The pi-voice CLI is available after install. Start the server and download the default model:

pi-voice server                      # start on 127.0.0.1:8181
pi-voice download q4                 # download + activate the q4 model (~291 MB)

Usage

/voice command

Open the interactive settings UI inside Pi:

Setting Controls Keys
TTS Enable/disable speech ← →
Voice Speaker voice (with language/gender hints) ← →
Speed Speech rate (0.5×–3.0×) ← →

Navigate with ↑ ↓, press Enter to play a sample, r to reset defaults, Esc to close.

Settings persist in ~/.pi/voice/config.json across sessions.

tts tool

The agent can speak at any time using the tts tool:

> Use the tts tool to say "Build complete, all tests passing"

Auto-TTS

Enable automatic speech after every agent response by editing ~/.pi/voice/config.json:

{
  "enabled": true,
  "voice": "af_heart",
  "speed": 1.0,
  "events": {
    "agent_end": {
      "prompt": "Summarize in one short sentence for text-to-speech.",
      "model": { "provider": "anthropic", "id": "claude-haiku-4-5" }
    },
    "turn_end": {
      "prompt": "Summarize briefly."
    },
    "custom_event": {
      "text": "Custom event triggered."
    }
  }
}

Each event key enables auto-TTS for that event. The value is one of:

Field Type Description
prompt string LLM system prompt for summarizing the event message. The event's last message is provided as context.
text string Fixed text to speak directly — no LLM call. Mutually exclusive with prompt.
model { provider, id } Optional. Model to use for summarization. If omitted, inherits the active session model.

Built-in pi events (agent_end, turn_end, message_end) use the message data from the event. Any other key is treated as a custom event on the shared pi.events bus.

CLI Reference

pi-voice server                              # start server (default: 127.0.0.1:8181)
pi-voice server --host 0.0.0.0 --port 9090   # custom host/port
pi-voice download q4                         # download + activate model dtype
pi-voice delete q4                           # delete cached model files
pi-voice status                              # show server status and active model
pi-voice voices                              # list available voices

Model dtypes

Dtype Size Quality Notes
q4 ~291 MB Good 4-bit matmul — recommended default
q4f16 ~147 MB Good 4-bit matmul + fp16 weights — smaller, good trade-off
q8 ~88 MB Great 8-bit quantized — best quality/size ratio
fp16 ~156 MB Excellent Half-precision floats
fp32 ~310 MB Best Full-precision floats — largest, highest quality

Only one model is loaded at a time.

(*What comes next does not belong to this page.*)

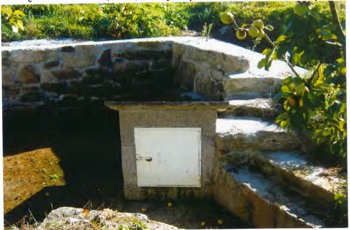
F. 67. Fuente pública en Franquedú.

Downloading or activating a new model automatically unloads the previous one.

Model files are cached at ~/.pi/voice/cache/ and persist across npm install cycles. To reclaim disk space, use pi-voice delete <dtype>.

API

The server exposes HTTP endpoints at http://127.0.0.1:8181:

Method Path Description
GET /health Server status, active dtype, model loaded
GET /voices Available voice names
GET /models All dtypes with download status
POST /models/download Download + activate a dtype
POST /models/delete Delete cached model files
POST /models/activate Load a downloaded model
POST /models/unload Unload model, free memory
POST /tts Synthesize text → WAV audio
POST /shutdown Graceful shutdown

Events

pi-voice emits events on the pi event bus (pi.events) so other extensions can integrate with TTS activity.

Event Payload When
voice:config { enabled, voice, speed } Any setting change via /voice
voice:speak_start { text, voice, speed, source } Synthesis requested
voice:speak_end { text, source, error? } Playback done or failed

source is "tool" (LLM invoked tts), "auto" (auto-TTS handler), or "sample" (/voice preview).

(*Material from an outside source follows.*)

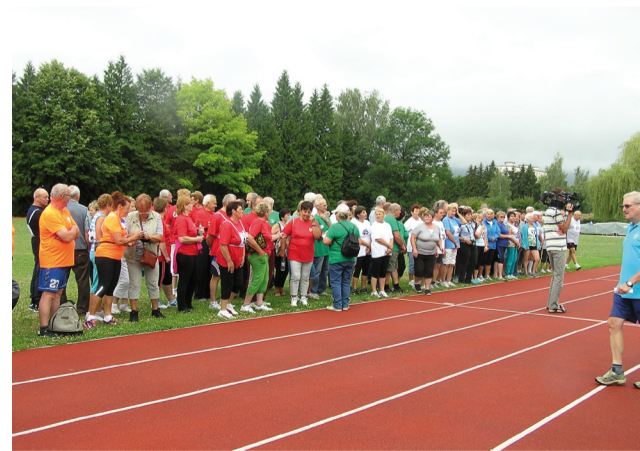
Účastníci krajských športových hier v Martine.

// React to config changes
pi.events.on("voice:config", ({ enabled, voice, speed }) => {
  // update status bar, toggle features, etc.
});

// Track speech activity
pi.events.on("voice:speak_start", ({ text, source }) => {
  if (source === "auto") console.log(`[TTS] ${text}`);
});

pi.events.on("voice:speak_end", ({ error }) => {
  if (error) console.warn(`TTS failed: ${error}`);
});

License

MIT


Bootstrapped from pi-package-template.